Nunca tendremos una universidad de calidad si no entramos a saco en la enseñanza primaria, en la secundaria y sobre todo en eso que antes se llamaba con retintín la FP, y que sigue siendo hoy un estigma social, una marca de fracaso, un premio de consolación para los incapaces. Sin una Formación Profesional prestigiosa socialmente, nuestra universidad será siempre mediocre. Pero, claro, la Formación Profesional nunca será prestigiosa si el mercado laboral es lamentable.

Por todo ello, me parece de una simpleza vergonzante y al mismo tiempo maligna, digna del ministro Wert, que el Gobierno trate de vendernos la nueva política de becas como un intento de mejorar la universidad.

La universidad no mejorará porque los hijos de las familias que no pueden pagar las tasas tengan que sacar ahora un 6,5 para alcanzar esas ayudas. Al lado de estos chicos seguirá habiendo muchachos con mejores rentas, pero con los mismos problemas de ortografía.

Los ámbitos donde el ministro debería actuar, donde el Gobierno debería echar el resto para mejorar la universidad son precisamente aquellos que está arrasando: los niveles inferiores de la enseñanza pública, la Formación Profesional y el mercado de trabajo.

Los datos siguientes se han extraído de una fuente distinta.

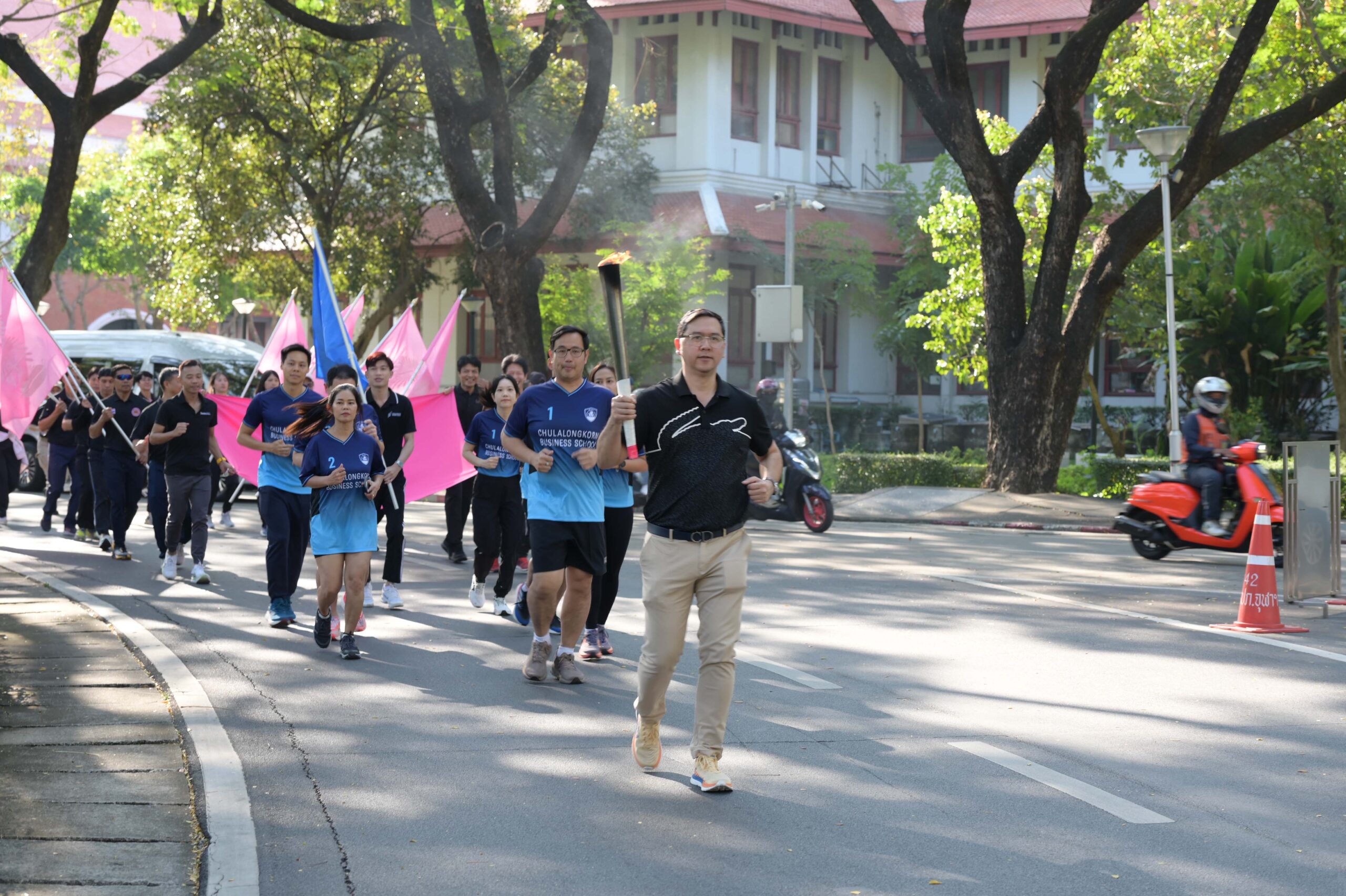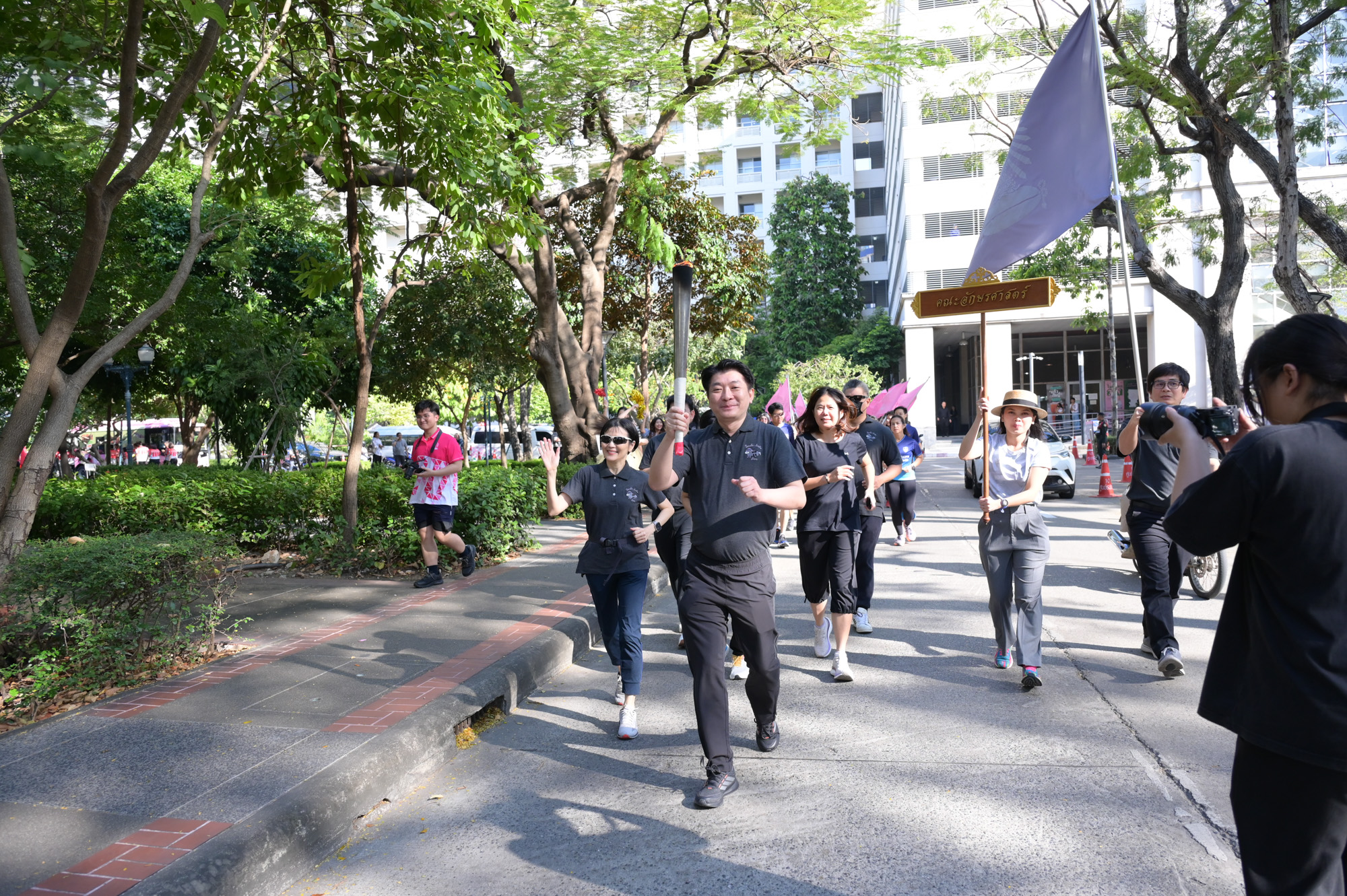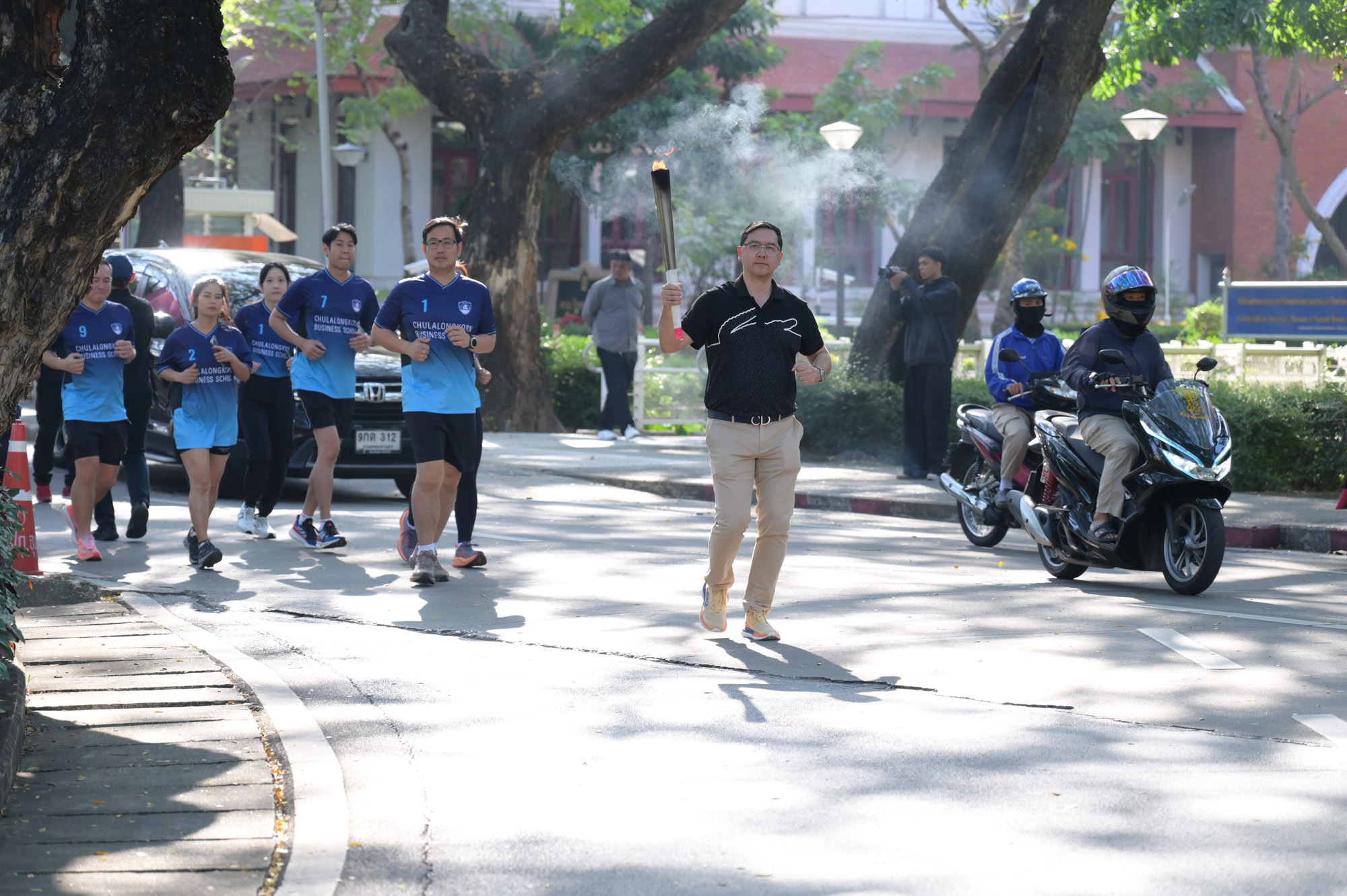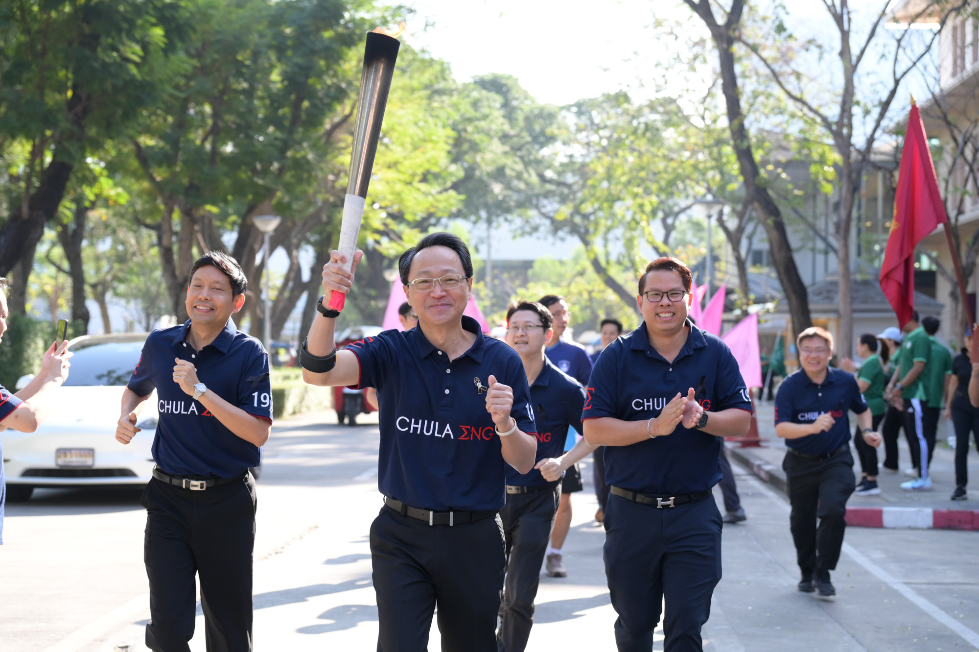 เวลา 09.09 น. อธิการบดีจุฬาฯ เป็นประธานในพิธีจุดไฟฤกษ์จากแสงอาทิตย์ จากนั้นอธิการบดีจุฬาฯ วิ่งนำคบเพลิงจากหน้าพระบรมราชานุสาวรีย์สมเด็จพระปิยมหาราชและสมเด็จพระมหาธีรราชเจ้า ส่งต่อให้ผู้บริหาร คณาจารย์ และผู้แทนส่วนงาน วิ่งผ่านจุดต่าง ๆ ไปยังสนามกีฬาจุฬาฯ ท่ามกลางชาวจุฬาฯ ที่มาร่วมในพิธีอย่างคึกคัก

Cuando un chaval de 18 años tenga a su disposición verdaderas alternativas a la universidad, podremos en primer lugar endurecer las pruebas de acceso, y meternos después a solucionar los problemas estrictamente universitarios.

Hacerlo ahora, tal y como están las cosas, significaría cerrar la única puerta ocupacional, por decirlo así, que tienen abierta los que terminan el instituto. Puerta que el ministro Wert quiere reservar, como en el Titánic, sólo para los pasajeros de primera clase.